Я мечтал о поездках, но меня никуда не возили. Наконец-то мне выпало путешествие, когда я встретился с отцом, ловил кузнечиков-«гармонистов», бегал за тушканчиком, прятался за Перерушева, боясь, что верблюды будут плеваться. Однако все это я позабыл и позднее представил себе, как оно было, лишь по рассказам Перерушева и матери. Правда, иногда мне кажется, что то, что я узнал от них, наложилось на те глухие изображения, которые неосознанно хранились в моей памяти. Никак не пойму, почему я надолго забыл эту поездку. Наверно, впечатления были настолько яркими, что засветились, как случается с фотографической пленкой.

И все-таки удивительней в памяти не странность отбора, а глубина. В каждой поре жизни она выхватывает из темноты забытого какие-то картины, случаи, лица, ощущения, и через них видишь самого себя и людей, среди которых жил.

Я лезу сквозь коноплю. Она растет на земляной крыше сарая. Передо мной, порошась с макушек, облепленных хрустко-сладким семенем, вьется зеленцой дурманящая пыль. В коноплю залетел галчонок, я ищу его. И вдруг конопля начинает тянуться у меня под мышками. Я падаю. Внизу плуги: железные крылья, зеркальное перо лемехов. Я лечу прямо на плуги. Наверно, я не успел испугаться, когда падал, но растопырил ладони, чтобы не убиться.

Кто меня доставил домой и как вела себя мать, увидев мою проломленную от виска до виска голову, – не помню. Мгновения ясности – как синие щели из темноты. Вижу мать: склонив голову, она толчет медным пестом сахар; сахаром она засыпала рану на моей голове. Отца вижу, но где-то в дымке угла: лицо грифельное, ни зубы не сверкнут, ни глаза не объявятся, обычно блестящие, как речные раковины.

Наш дом рублен из сосны-бронзовки. Крыша красная. Над трубой жестяной терем, над теремом петух на высокой ноге. Раньше дом занимал поп – он служил у дутовцев и бежал с ними. Теперь в доме живем мы.

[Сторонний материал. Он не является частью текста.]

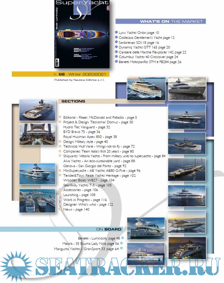 Year: 2021 Language: english Author: Superyacht International Genre: Periodical (magazine) Format: PDF Quality: eBook Pages count: 148 Description: Magazine on the nicest superyachts.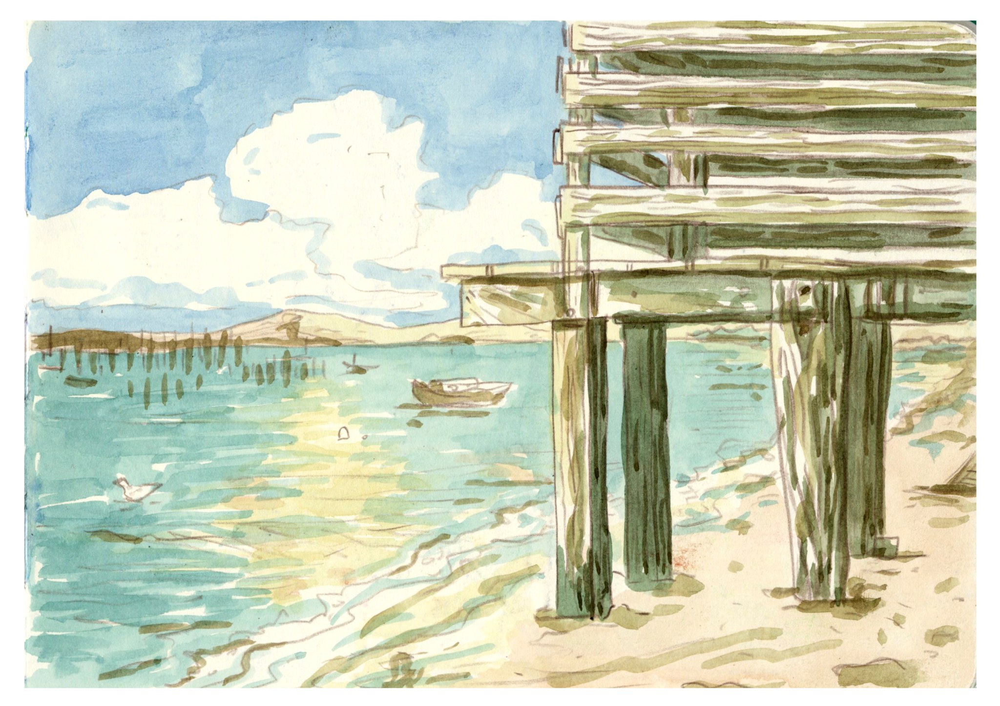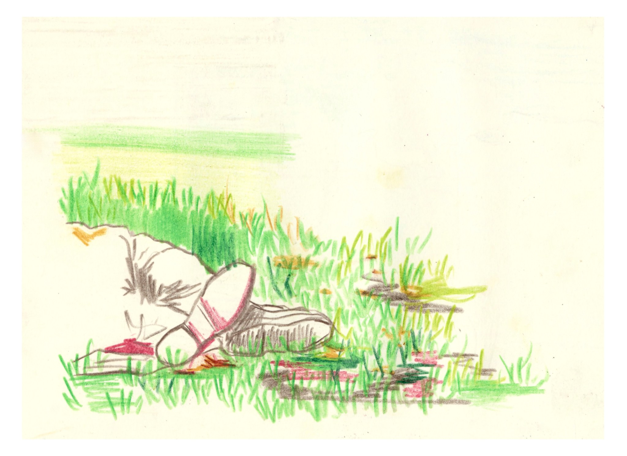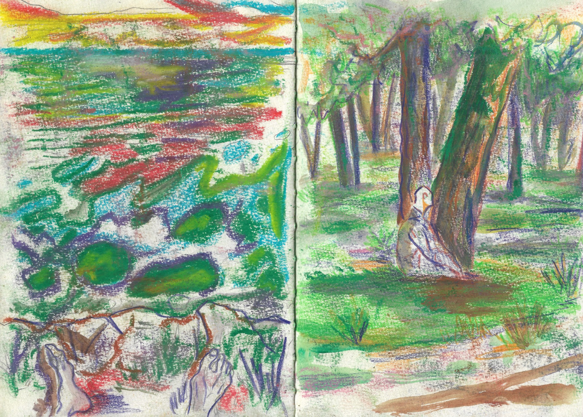 La sieste, crayons de couleurs, dessin original tiré d’un carnet de voyage format A5 (14,8 x 21 cm), 2022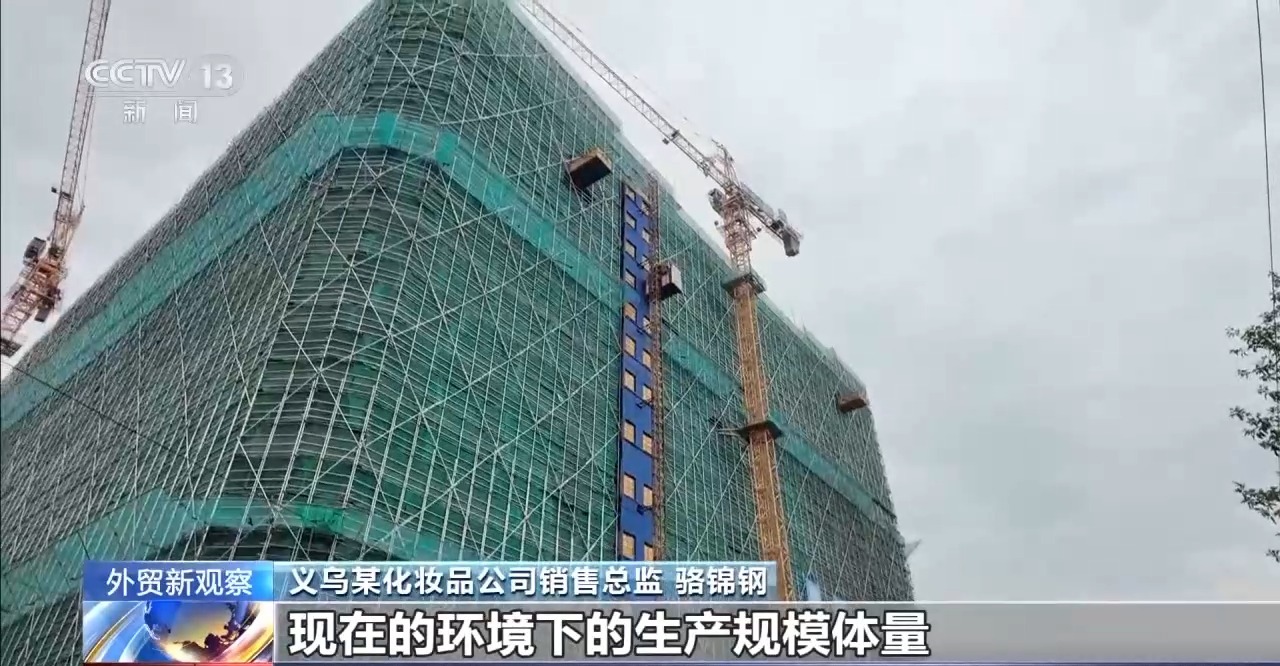 義烏某化妝品公司銷售總監(jiān) 駱錦鋼:我們這個(gè)園區(qū)幾乎是每個(gè)工廠都在改擴(kuò)建,主要是因?yàn)樵瓉淼睦吓f廠房已經(jīng)是不適合現(xiàn)在的環(huán)境下的生產(chǎn)規(guī)模體量,根據(jù)現(xiàn)在的復(fù)雜環(huán)境,在練內(nèi)功,所以未來的企業(yè)會打造成智能化、數(shù)字化更高端的這種生產(chǎn)型企業(yè)。

Взберешься на осокорь в палисаднике и глядишь с неба. Дом смахивает на голову рака, от него, сомкнутыми клешнями, забор из плитняка. Меж плотно уложенным плитняком умыто светились в одном месте какие-то белые камни. Однажды я надумал вытащить их из забора. Вытаскиваться они не захотели, я вывернул их гвоздодером и заметил дупло. Расширяя дупло, я выбирал из забора крапчатую рыжую гальку. И все ясней обозначался снизу, из тайника, ларец, окованный серебром. Ларец был замкнут. Я исковырял и исцарапал это серебро, поднимая гвоздодером крышку. Сверху в ларце лежал бумажный жернов; я катнул его, он разматывался лентой. Тут на крыльцо выбежала мать. Она и сказала, что круг, распустившийся по траве, состоит из денег, которые называли «керенками», их выпускали видимо-невидимо и не разрезали на отдельные листочки, так они и переходили от покупавшего к продававшему не то что такими рулончиками – случалось, целыми мешками.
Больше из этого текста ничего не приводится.